An equivalent way to write the ridge problem is

\[\hat{\beta}^\text{ridge} = \text{argmin}_\beta \sum_{i=1}^N \left(y_i - \beta_0 - \sum_{i=0}^p x_{ij}\beta_j\right)^2 \;\;\; \text{s.t. } \sum_{j=1}^p \beta_j^2 \leq t\]

There is a one-to-one correspondence between \(\lambda\) and \(t\). When there are many correlated variables in a linear regression model, their coefficients can become poorly determined and exhibit large variance. With ridge regression this problem can be alleviated.

The ridge solutions are not equivalent under scaling of the inputs, and so one normally standardizes the inputs. It can be shown (Exercise 3.5) that the solution to Equation (1) can be separated into two parts, after reparameterization using centered inputs: each \(x_{ij}\) gets replaced by \(x_{ij} - \bar{x}\). We estimate \(\beta_0\) by \(\bar{y}\). The remaining coefficients get estimated by a ridge regression without intercept, using the centered \(x_{ij}\).

Writing the criterion (Equation ref{eq:eq3-8}) in matrix form

\[\text{RSS}(\lambda) = (\mathbf{y} - \mathbf{X}\beta)^\top (\mathbf{y} - \mathbf{X}\beta) + \lambda \beta^\top\beta\]

The ridge regression solutions are easily seen to be

\[\hat{\beta}^\text{ridge} = (\mathbf{X}^\top\mathbf{X} + \lambda \mathbf{I})^{-1}\mathbf{X^\top y}\]

By adding a positive constant to the diagonal of \(\mathbf{X}^\top\mathbf{X}\) before inversion, the problem is made nonsingular.

Ridge regression can also be derived as the mean or mode of a posterior distribution, with a suitably chosen prior distribution. Suppose \(y_i \sim N(\beta_0 + x_i^\top\beta, \sigma^2)\), and the parameters \(\beta_j\) are each distributed as \(N(0, \tau^2)\), independently of one another. Then the (negative) log-posterior density of \(\beta\), with \(\tau^2\) and \(\sigma^2\) assumed known, is equal to

\[\sum_{i=1}^N\left(y_i - \beta_0 - \sum_{j=1}^p x_{ij}\beta_j\right)^2 + \lambda \sum_{j=1}^p \beta_j^2\]

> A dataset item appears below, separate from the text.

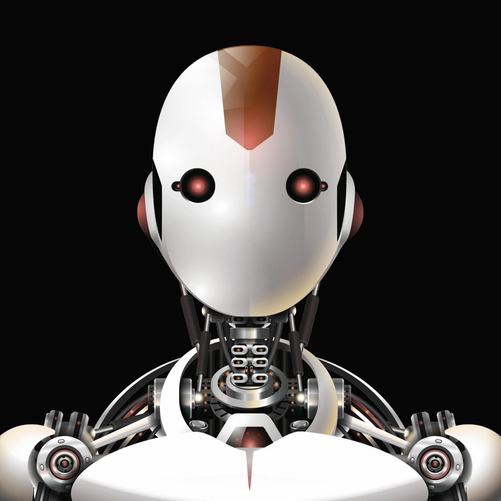 Digital avatar of Bertil, a humanoid robot with a smooth white face and glowing red eyes

with \(\lambda = \sigma^2 / \tau^2\) (Exercise 3.6). Thus the ridge estimate is the mode of the posterior distribution; since the distribution is Gaussian, it is also the posterior mean.

Note

Singular Value Decomposition (SVD)

Singular value decomposition decomposes the \(N \times p\) matrix \(\mathbf{X}\) as

\[\mathbf{X} = \mathbf{UDV}^\top \nonumber\]

where \(\mathbf{U}\) and \(\mathbf{V}\) are \(N \times p\) and \(p \times p\) orthogonal matrices, with the columns of \(\mathbf{U}\) spanning the column space of \(\mathbf{X}\), and columns of \(\mathbf{V}\) spanning the row space. \(\mathbf{D}\) is a \(p \times p\) diagonal matrix, with diagonal entries \(d_1 \geq \dots \geq d_p \geq 0\) called the singular values of \(\mathbf{X}\). If one or more values \(d_j = 0\), \(\mathbf{X}\) is singular.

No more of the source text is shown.